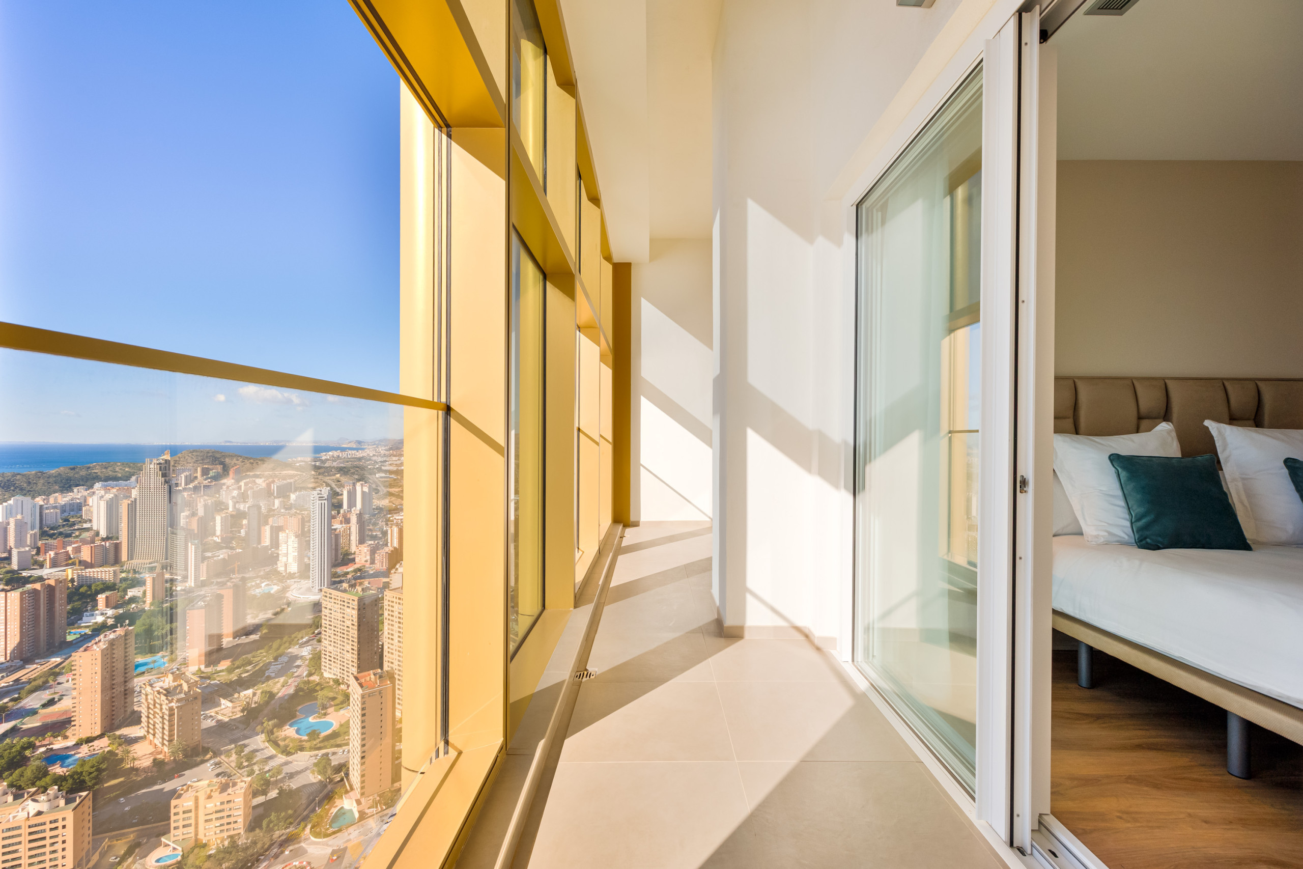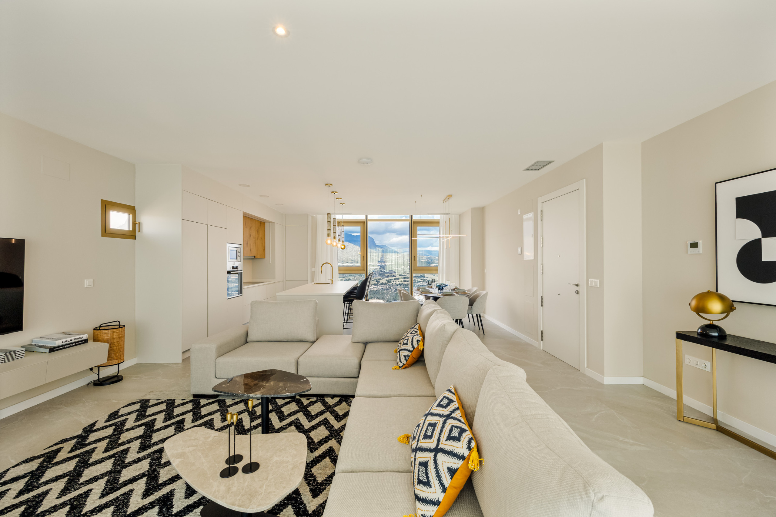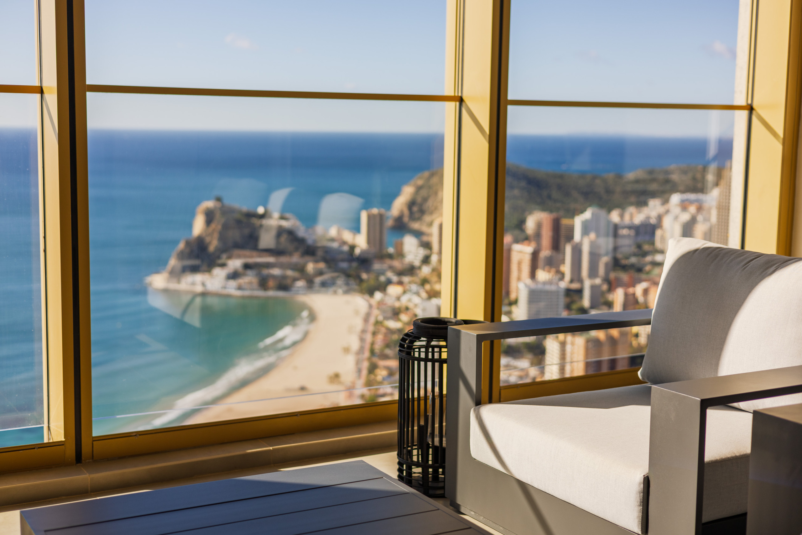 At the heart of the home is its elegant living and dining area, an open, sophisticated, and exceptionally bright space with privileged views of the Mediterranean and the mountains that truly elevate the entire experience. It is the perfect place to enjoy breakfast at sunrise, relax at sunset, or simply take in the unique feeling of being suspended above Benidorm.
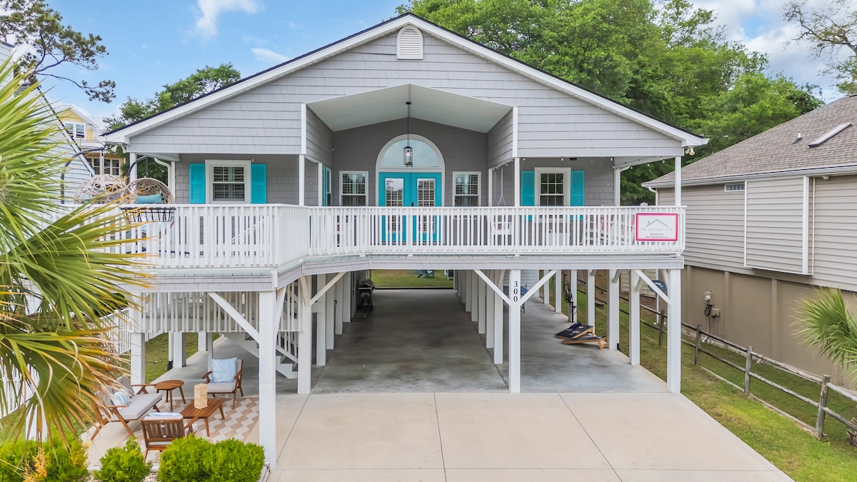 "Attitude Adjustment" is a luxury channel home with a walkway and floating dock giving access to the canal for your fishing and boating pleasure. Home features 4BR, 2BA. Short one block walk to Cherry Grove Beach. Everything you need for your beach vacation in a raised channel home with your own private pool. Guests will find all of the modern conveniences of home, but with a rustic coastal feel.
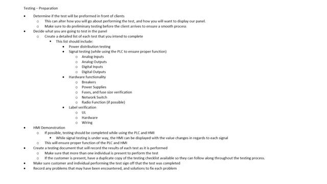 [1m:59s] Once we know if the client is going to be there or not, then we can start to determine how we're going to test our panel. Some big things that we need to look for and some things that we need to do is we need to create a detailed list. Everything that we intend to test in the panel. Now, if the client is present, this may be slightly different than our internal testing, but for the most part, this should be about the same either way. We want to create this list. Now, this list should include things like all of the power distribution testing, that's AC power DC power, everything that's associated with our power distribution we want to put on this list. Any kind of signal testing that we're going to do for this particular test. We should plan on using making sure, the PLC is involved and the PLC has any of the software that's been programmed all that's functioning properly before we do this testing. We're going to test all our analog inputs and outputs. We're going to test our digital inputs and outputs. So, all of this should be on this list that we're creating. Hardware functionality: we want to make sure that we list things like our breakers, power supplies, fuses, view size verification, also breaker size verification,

--

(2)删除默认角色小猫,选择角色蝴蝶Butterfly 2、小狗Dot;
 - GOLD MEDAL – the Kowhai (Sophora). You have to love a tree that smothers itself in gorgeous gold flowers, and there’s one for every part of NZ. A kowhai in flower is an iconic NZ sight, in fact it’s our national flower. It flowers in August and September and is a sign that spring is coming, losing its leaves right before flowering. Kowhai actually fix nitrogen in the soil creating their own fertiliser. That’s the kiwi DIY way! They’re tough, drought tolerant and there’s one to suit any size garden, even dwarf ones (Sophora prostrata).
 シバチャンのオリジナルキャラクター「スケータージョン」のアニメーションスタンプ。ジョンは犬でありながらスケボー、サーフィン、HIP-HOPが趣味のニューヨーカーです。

...

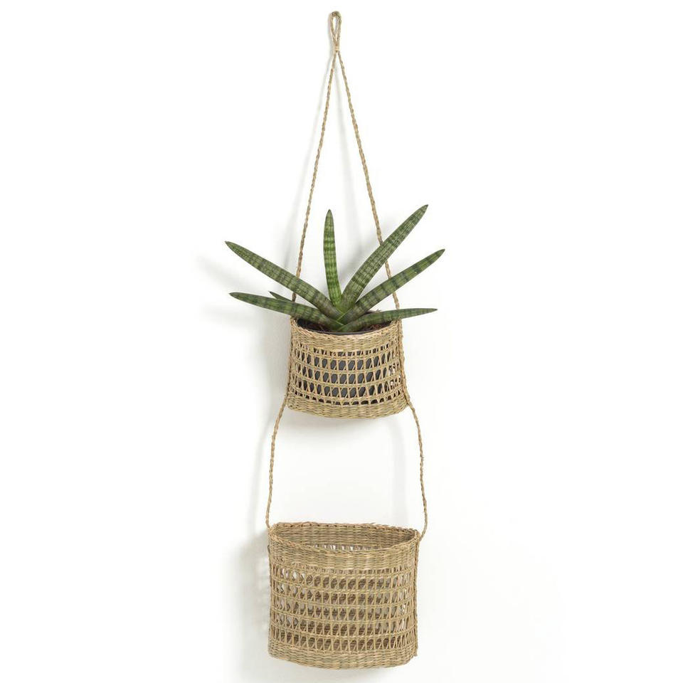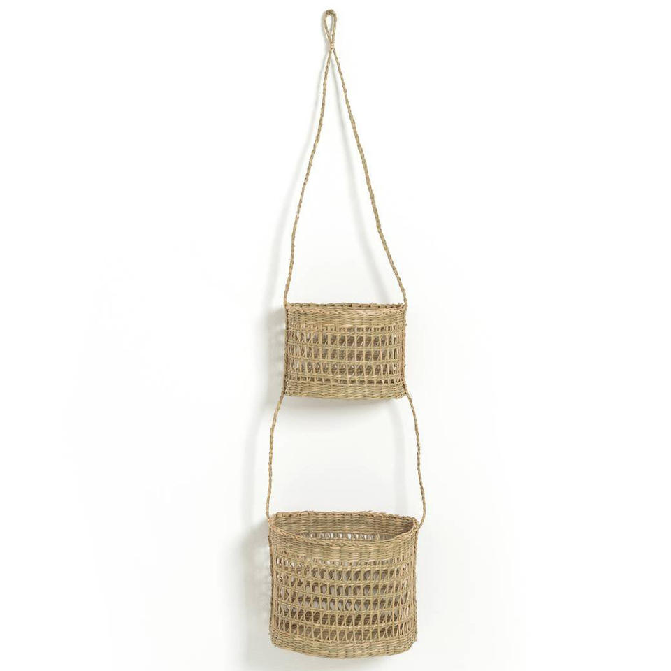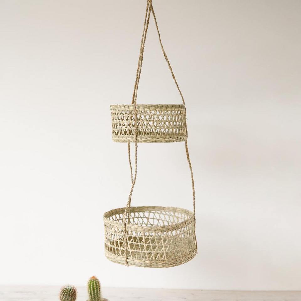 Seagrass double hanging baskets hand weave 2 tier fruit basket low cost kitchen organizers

Exercise ▸ Could you repeat exactly the lines in the listing above from the one with "(2)删除默认角色小猫,选择角色蝴蝶Butterfly 2、小狗Dot;" down to the one with "シバチャンのオリジナルキャラ"? Include both of those lines.

Solved problem ▸
(2)删除默认角色小猫,选择角色蝴蝶Butterfly 2、小狗Dot;
 - GOLD MEDAL – the Kowhai (Sophora). You have to love a tree that smothers itself in gorgeous gold flowers, and there’s one for every part of NZ. A kowhai in flower is an iconic NZ sight, in fact it’s our national flower. It flowers in August and September and is a sign that spring is coming, losing its leaves right before flowering. Kowhai actually fix nitrogen in the soil creating their own fertiliser. That’s the kiwi DIY way! They’re tough, drought tolerant and there’s one to suit any size garden, even dwarf ones (Sophora prostrata).
 シバチャンのオリジナルキャラクター「スケータージョン」のアニメーションスタンプ。ジョンは犬でありながらスケボー、サーフィン、HIP-HOPが趣味のニューヨーカーです。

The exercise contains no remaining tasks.